A micro-exporter, have to provide all of the following documents:
● For one time only, Indirect Representation Authorization Certificate,
● E-export information form also known as ETGB form,
● Proforma invoice
● E-archive invoice
In addition to the export assistances provided within the scope of micro export, there are great eases brought by the ETGB. While certification and costs are reduced at customs office, micro export corporations use ETGB inquiry to follow customhouse processes. Thanks to this document, the products sold abroad are delivered to the licensed micro export cargo company without the need for the intervention of the customs consultancy. This brings the following advantages:
● You can get a VAT refund.
● You do not need to register with the Exporters’ Associations.
● There is no warehouse exit fee.
● You don’t need a notarized power of attorney.
● Institutions have the opportunity to ship on weekends.
● File and paper costs are minimized
● The speed and simplified of shipping the products, attracting customers to the corporations, causes a positive increase in the permanent buyer group.

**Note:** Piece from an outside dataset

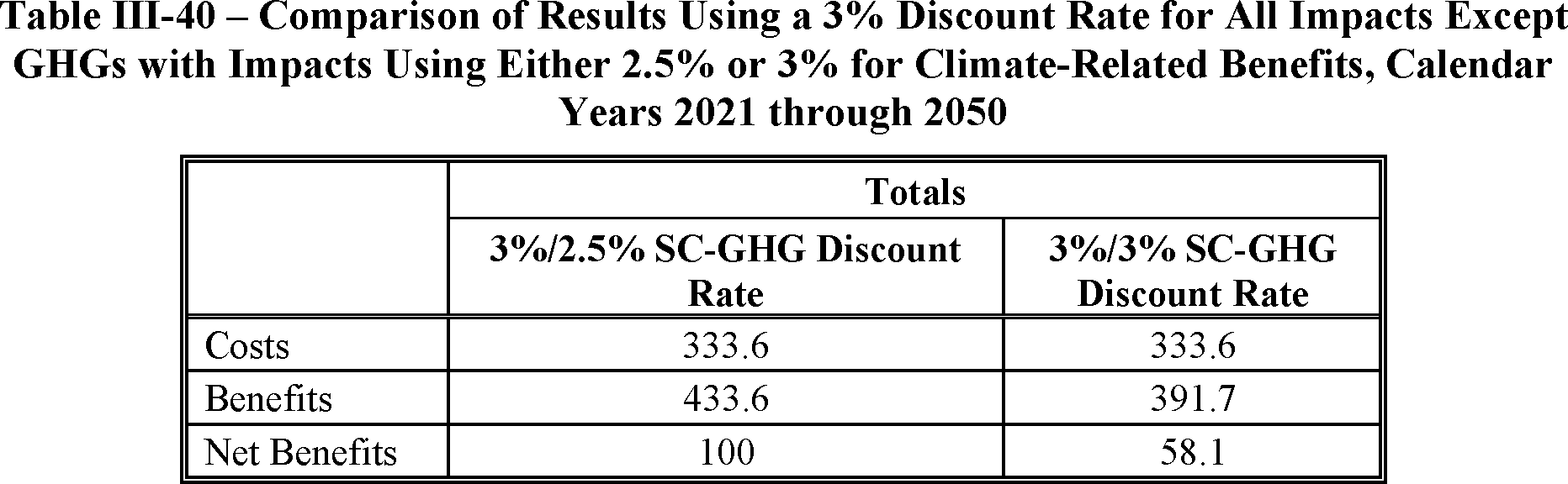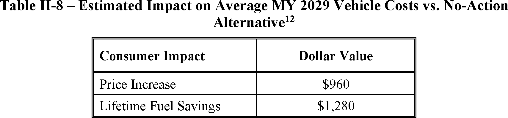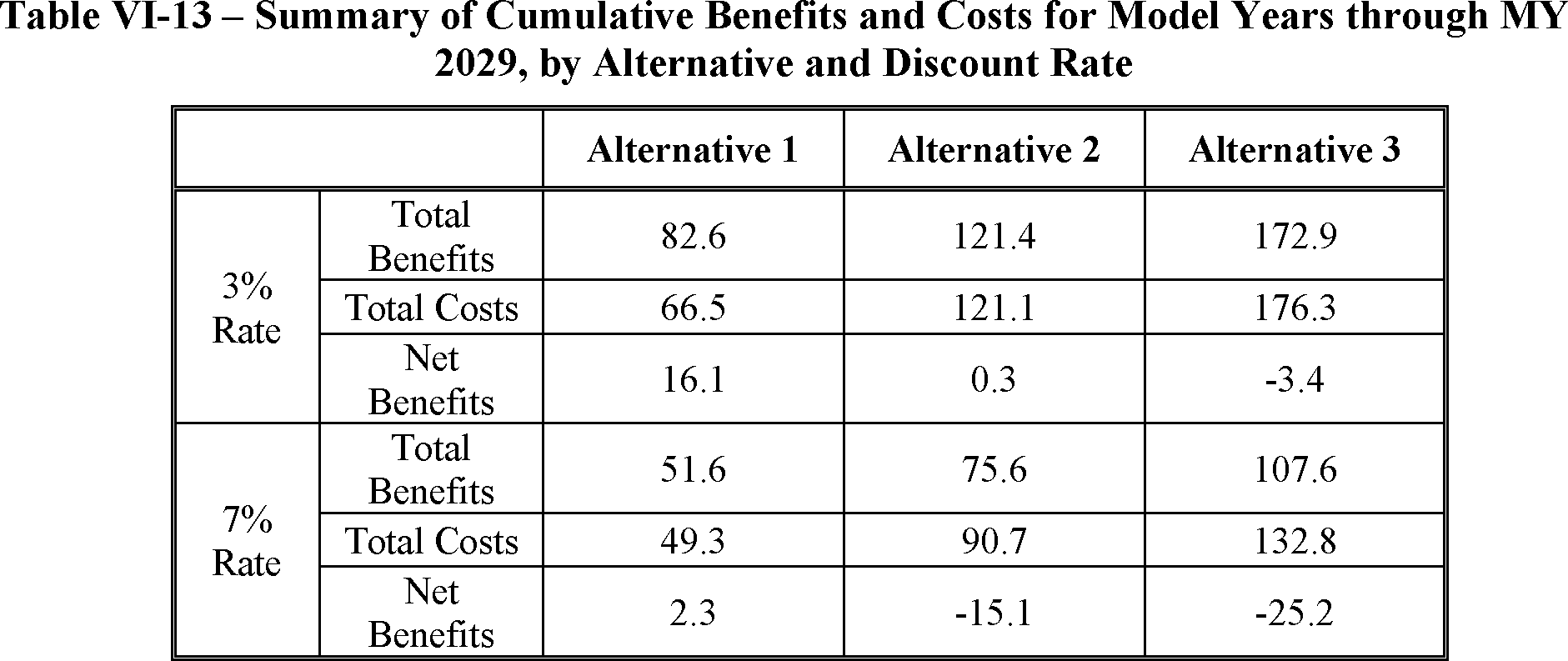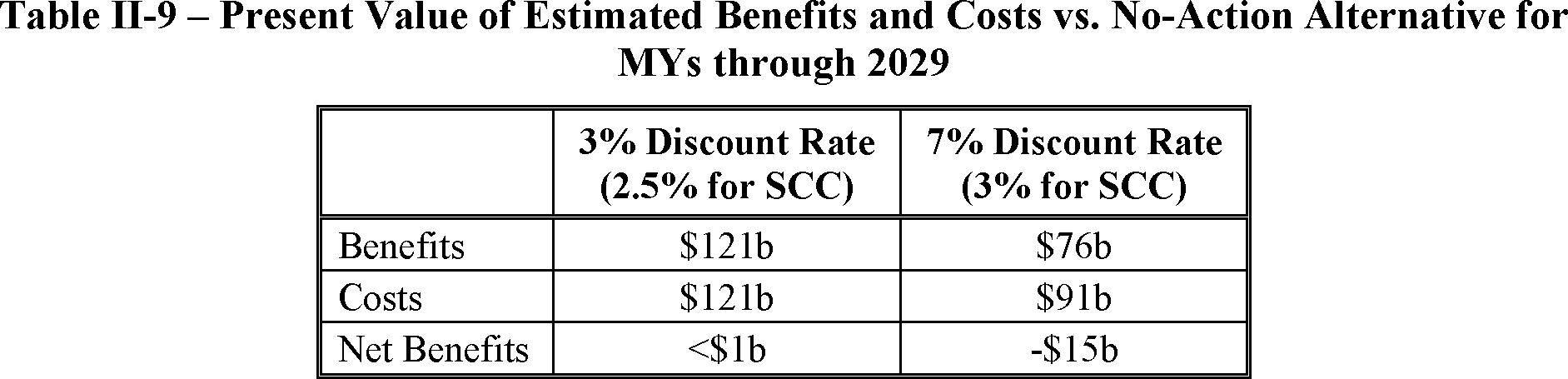 NHTSA estimates that this proposal could reduce average undiscounted fuel outlays over the lifetimes of MY 2029 vehicles by about $1,280, while increasing the average cost of those vehicles by about $960 over the baseline described above. With the social cost of carbon (SCC) discounted at 2.5 percent and other benefits and costs discounted at 3 percent, for the three affected model years NHTSA finds $65.8 billion in benefits attributable to the proposed standards and $37.4 billion in proposed costs so that present net benefits could be $28.4 billion.[2]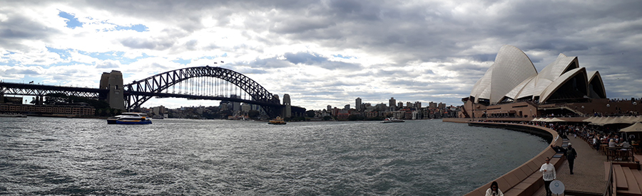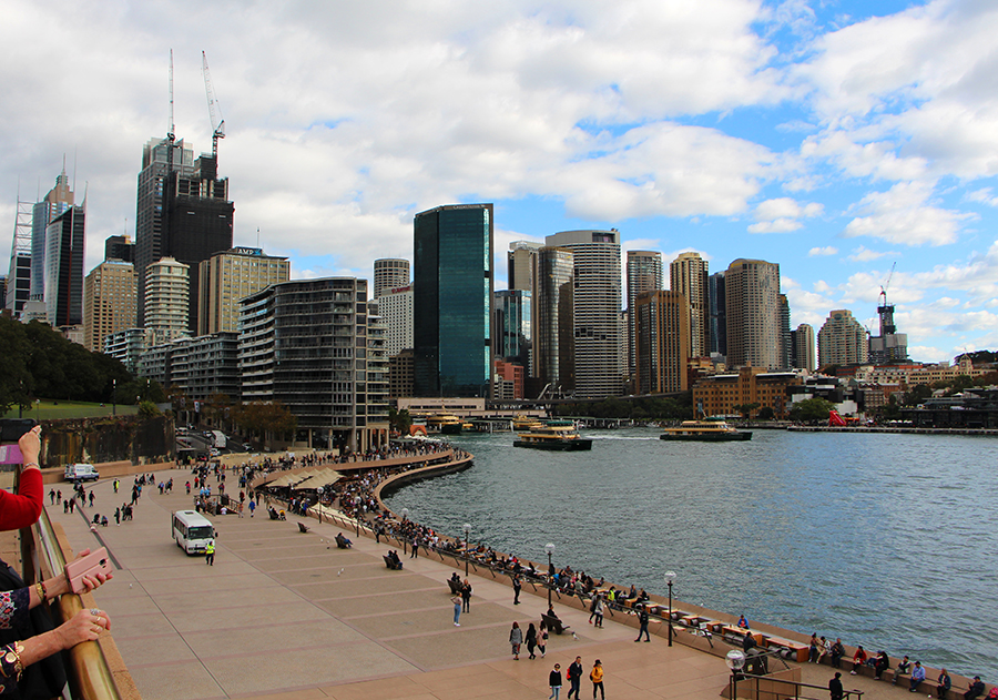 Nous arrivons ensuite à la marina où nous avons une superbe vue sur le mythique opéra et sur le pont de Sydney. Nous allons jusqu'au pied de l'opéra. L'ensemble de la marina est uniquement accessible aux piétons ce qui est très agréable. Nous nous arrêtons donc manger dans l'un des nombreux restaurants avec vue :)

The difference between micro export and traditional export is the scale. For Micro export, weight limit is 300 kgs and value limit is 15,000 EUR, but for traditional exports there are no limits. In addition, traditional exports also involve much more complex procedures and much higher initial costs.
It will be depend how much will you have to pay for shipping. The shipping fee is calculated from the weight of the shipment and the country you are going to work. It also depends on the logistic company as some are more costly than the others.